Let position be represented by variables $x$ and $y$, and let velocity be $\dot{x}$ and $\dot{y}$ (where the dot means a time derivative has been applied).

Assume that the underlying physics is a “constant velocity” model of the form:

\begin{align} \frac{dx}{dt} & =\dot{x}\\ \frac{dy}{dt} & =\dot{y}\\ \frac{d\dot{x}}{dt} & =0\\ \frac{d\dot{y}}{dt} & =0 \end{align}

The differential equations (1.1)-(1.4) can be converted to discrete time steps using the rule

$$$f_{k|k-1}=f_{k-1}+\left(\frac{df}{dt}\right)_{k-1}\Delta t,$$$

where $f$ is any state variable.

Write down the state vector for this problem, and then derive the state update matrix $F$ in the Kalman filter prediction step

$$$\hat{\boldsymbol{x}}_{k|k-1} = F\hat{\boldsymbol{x}}_{k-1}.$$$

Question 2

This is a discussion question for the tutorial class.

In Question 1, you used position and velocity in the state vector. Why only these two? Why not include acceleration as well? In general, how do you decide which variables belong in the state vector?

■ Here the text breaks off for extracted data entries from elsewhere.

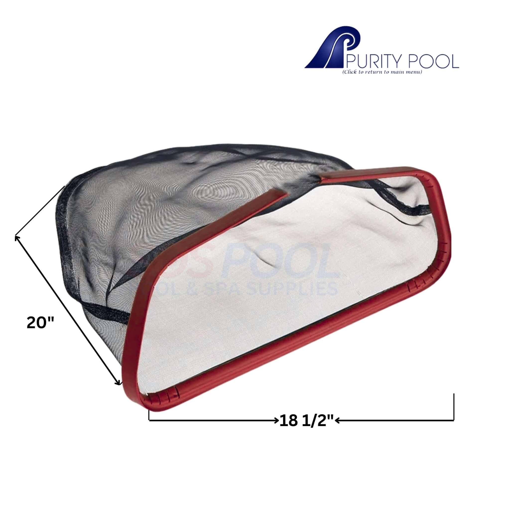Purity Pool Red Baron Bag Leaf Rake RKRBRB is a 20-inch professional-grade skimmer designed for efficient removal of leaves, debris, and dirt from pools. Featuring a durable, fine-mesh bag, it allows for maximum debris collection while minimizing drag, making it easy to maneuver through the water. The heavy-duty aluminum frame ensures long-lasting performance, while the sturdy plastic lip provides a smooth edge for scooping debris from the pool floor and walls. Designed for compatibility with standard pool poles, the Purity Pool Red Baron Bag Leaf Rake is an essential tool for maintaining a clean and debris-free swimming environment.
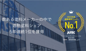 アステックは、高機能塗料の開発において革新的な取り組みを行っています。その代表例が「遮熱塗料」です。夏の強い日差しを反射し、建物の内部温度の上昇を抑えることを望めます。
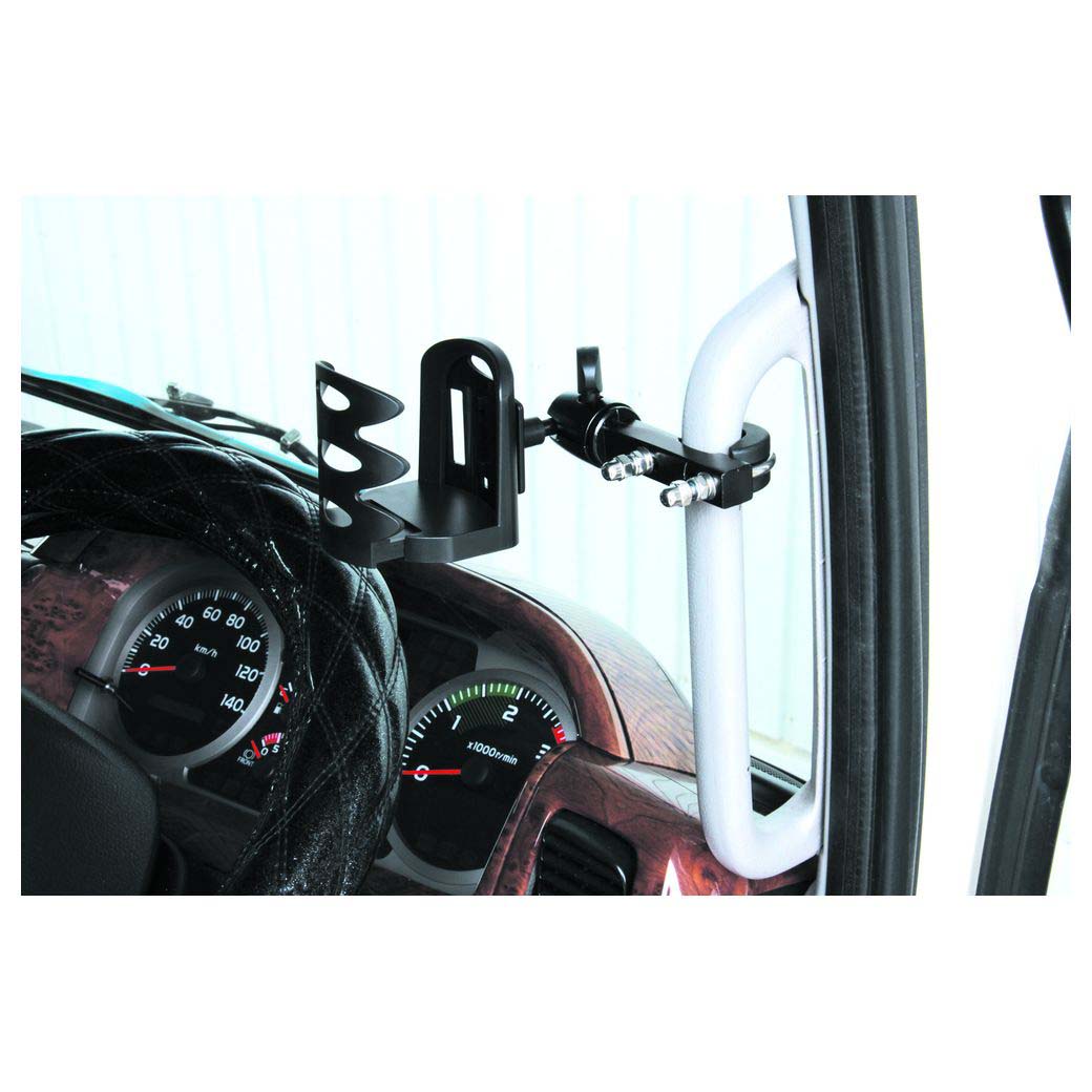 サイズ:55~70mmまでのカップ灰皿等が収納可能 カラー:ブラック 材質:ステー/アルミ、ステンレス、ホルダー/樹脂 規格:約20~25mm太さのアシストグリップに対応
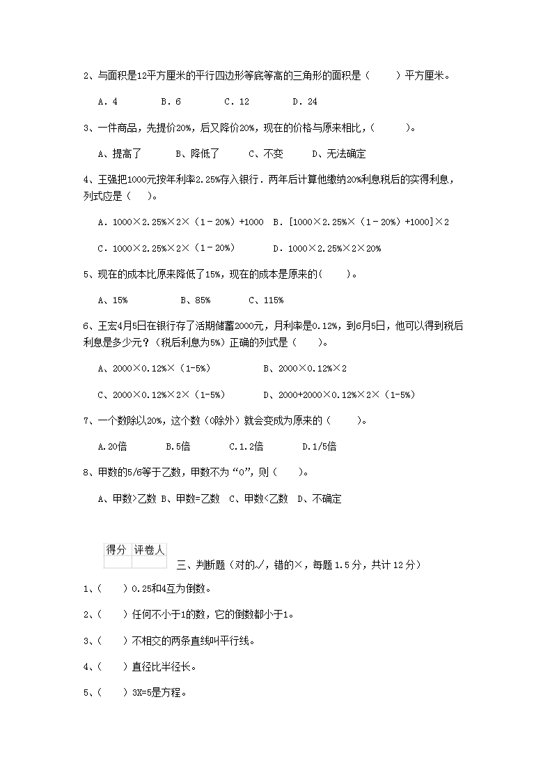 【文档预览】 无忧考网整理发布2019年新疆乌鲁木齐小升初数学真题及答案(Word版),前五页预览如下:
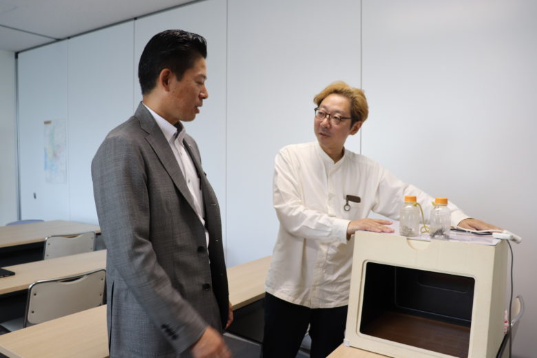 一見、普通の箱に見えますが、実はダスキンが数十年前に手作りした”見える装置”なんだそう。
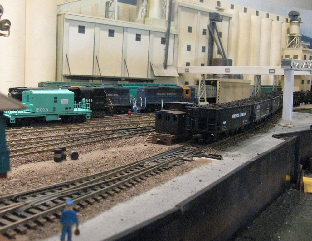 The main line now clear, KP&W Extra 769 takes the main so it can enter West Mill Yard and set out its coal hoppers.
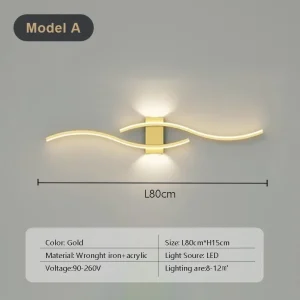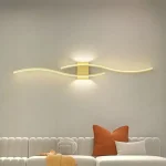 LED Wall Lamp Modern Indoor Wave Bar Sconces USB Rechargeable Battery Powered Lights Long Strip Acrylic Iron Lighting for Living Room Bedside Bedroom.
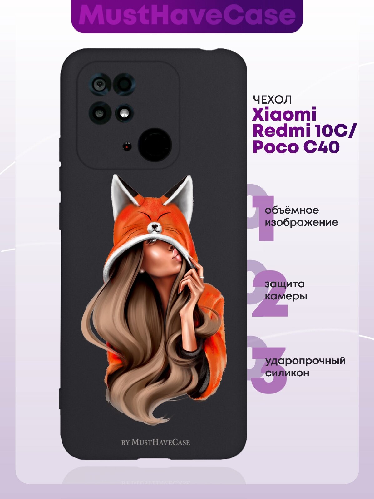 Чехлы для мобильных телефонов Черный силиконовый чехол для Xiaomi Redmi 10C/ Poco C40 Foxy Girl/ Лисичка для Сяоми Редми 10С
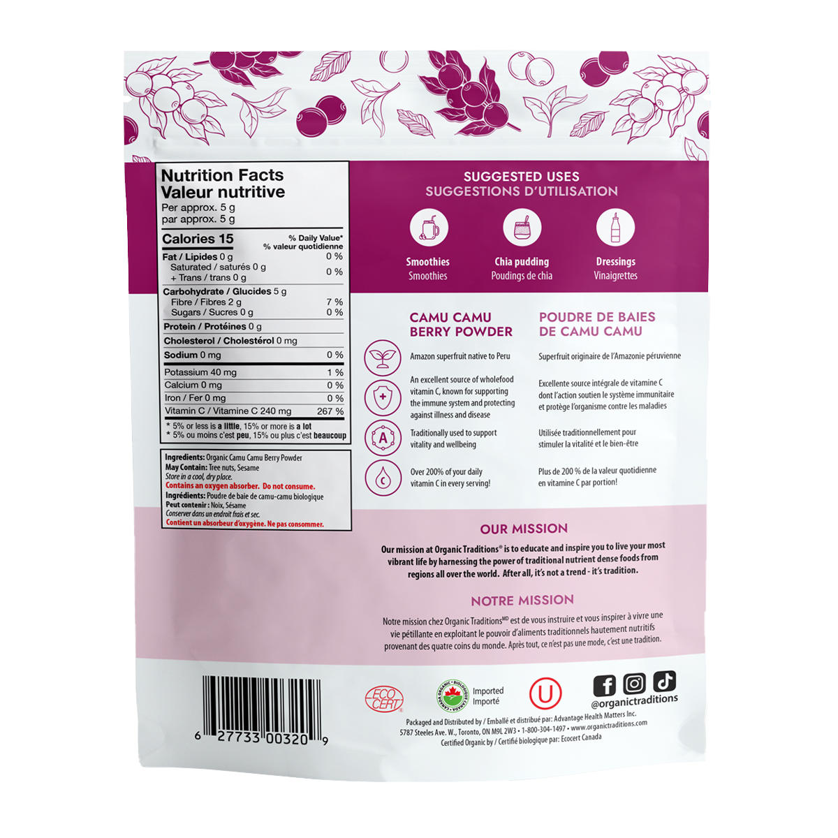 Perfect for smoothies, smoothie bowls, juices, and water. Create a Camu smoothie by blending 1-2 teaspoons of powder of Camu Camu and any other Organic Traditions products of your choice with sufficient water to achieve desired consistency.
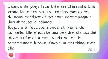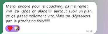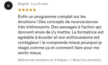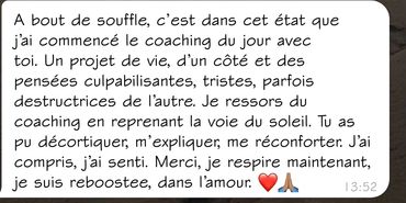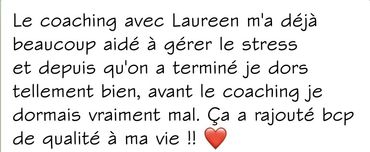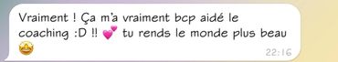[...] j'ai appris à comprendre mes émotions, les accepter et analyser ma manière de fonctionner pour mieux gérer les périodes de stress et d'anxiété. J'avais un blocage au niveau de mes relations amoureuses, amicales et familiales et ce coaching m'a permis de les améliorer.

• Consider that a system of point masses is governed by an equation of the form $\sum F = ma$ or more explicitly $\sum F = m\ddot{x}$.
• Is $\ddot{x}$ an independent variable?
• What does it really mean when someone says that a system is governed by a “first order differential equation” or a “second order differential equation”? In particular, how many initial conditions are required? How many unique variables are there?

Question 3

Consider the resistor-capacitor circuit of Figure Q3.

Suppose that the capacitor is charged to some initial voltage before it is connected to this circuit. The current flowing in this loop is given by the differential equation

$$$i=-RC\frac{di}{dt}.$$$

You are designing a Kalman filter to estimate the current $i(t)$. There is a single variable, i.e. the state “vector” collapses to a single number in this case. Similarly, the covariance “matrix” reduces to a scalar variance.

(a) Write the equation for the predicted state $\hat{i}_{k|k-1}$.

Hint: Start with the differential equation above, then write the prediction step (as per question 1).

(b) Suppose that the circuit resistance is not known exactly but is instead subject to some measurement variance $\sigma_{R}^{2}$. Using your result from part (a) and the law of propagating variance (week 2), estimate the variance in $\hat{i}_{k|k-1}$ due to $\sigma_{R}^{2}$.

(c) Using your results from part (a) and (b), write the equation for the prediction step of the state variance, i.e. the equation for $P_{k|k-1}$.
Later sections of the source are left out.